Henry e Abigail sono due ragazzi diciassettenni con un passato diverso tra loro ma triste allo stesso modo. Si sono ritrovati nello stesso istituto comunitario e piano piano si sono avvicinati, anche se con un po' di astio. Ma il passato di Abby tornerà come un uragano nella sua vita. Riusciranno a fidarsi una dell'altro e vivere insieme la loro vita finalmente in felicità?
Romanzo toccante, a volte triste. Ti lascia con il fiato sospeso fino all'ultima pagina. Descrive in modo profondo quello che i protagonisti provano, così come tutto quello che li circonda. Assolutamente da leggere , non riuscirete a staccarvi facilmente dalle pagine. Complimenti alla scrittrice, è il primo suo romanzo che leggo ma so già che ne leggerò altri.
"Come una notte senza stelle" è un romanzo che colpisce per la sua intensità emotiva e la delicatezza con cui affronta temi profondi. Valentina Bellucci riesce a dare voce a sentimenti spesso taciuti, con una scrittura scorrevole ma capace di toccare il cuore. I personaggi sono autentici, fragili e umani, e accompagnarli nel loro percorso lascia una traccia emotiva profonda. Una lettura che sa commuovere e far riflettere, come solo le storie vere dell’anima sanno fare.

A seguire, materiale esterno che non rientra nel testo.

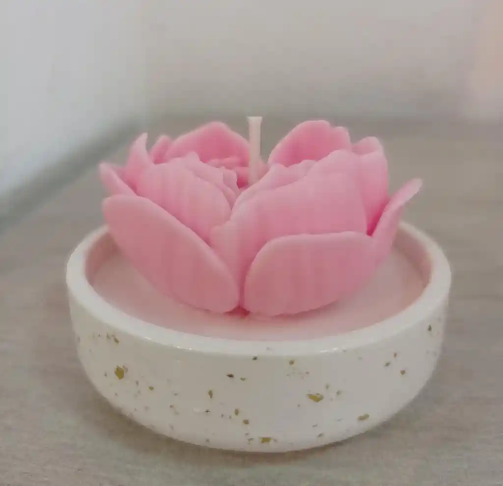 Vela elaborada en Cera Vegetal. Agradable aroma. Diseño de Rosa. Base elaborada en Yeso.
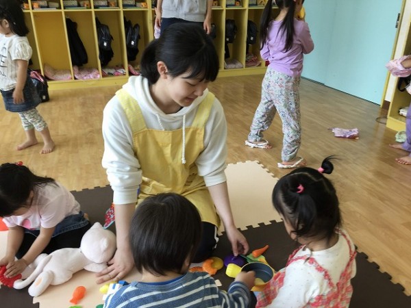 保育基礎演習の実践2回目ということで、園の雰囲気にもなれ、学生は積極的に園児たちと関わろうと頑張っていました。
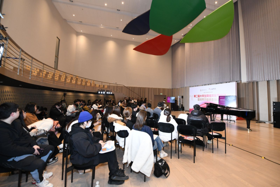 院党委副书记徐卫,上海市教委网络文化发展研究中心主任彭东恺,中国大学生在线编辑与活动部主任李玥玮莅临现场,相关职能部门负责人、二级院系副书记、全体辅导员、班主任代表、学生代表等共同参与。仪式由党委学(研)工部部长欧阳佳沁主持。
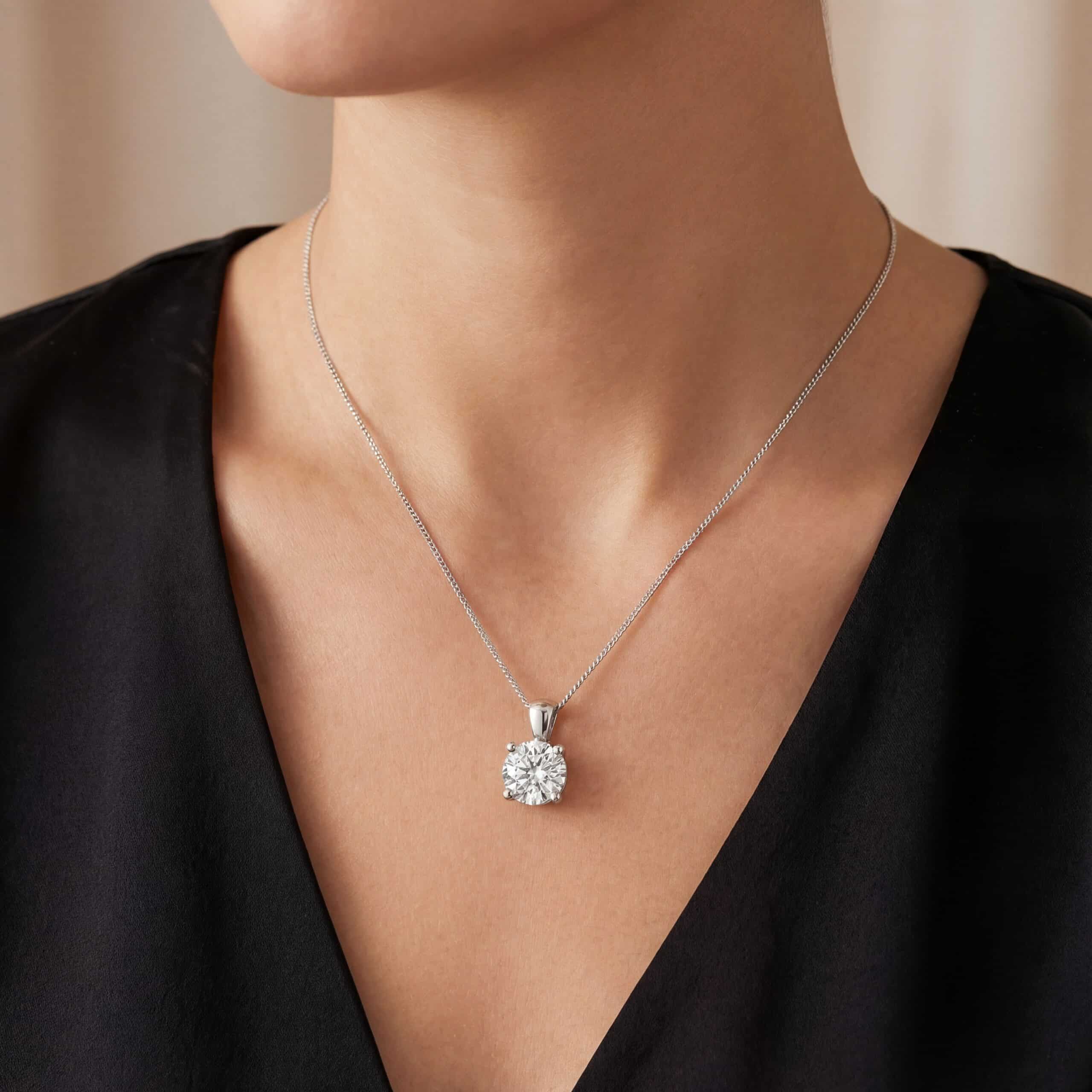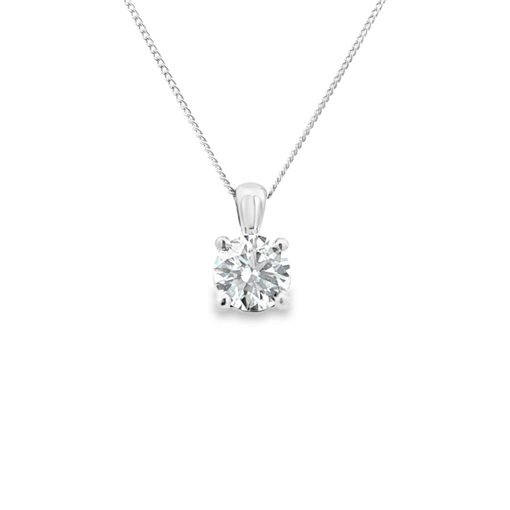 This platinum solitaire pendant showcases a remarkable 1.06ct lab grown diamond, chosen for its exceptional quality and breathtaking brilliance. IGI certificated and graded D colour, VVS2 clarity, and ideal cut, this diamond sits among the finest available—offering incredible sparkle, precision, and purity.

Libro molto emozionante che tratta temi complicati e strazianti come la perdita della famiglia, autolesionismo e abbandono. L'autrice riesce a raccontare perfettamente lo stato d'animo dei protagonisti, facendo empatizzare subito, soprattutto con Abby! Un romanzo doloroso, ma da leggere perché anche dopo il temporale più violento, alla fine spunta il sole.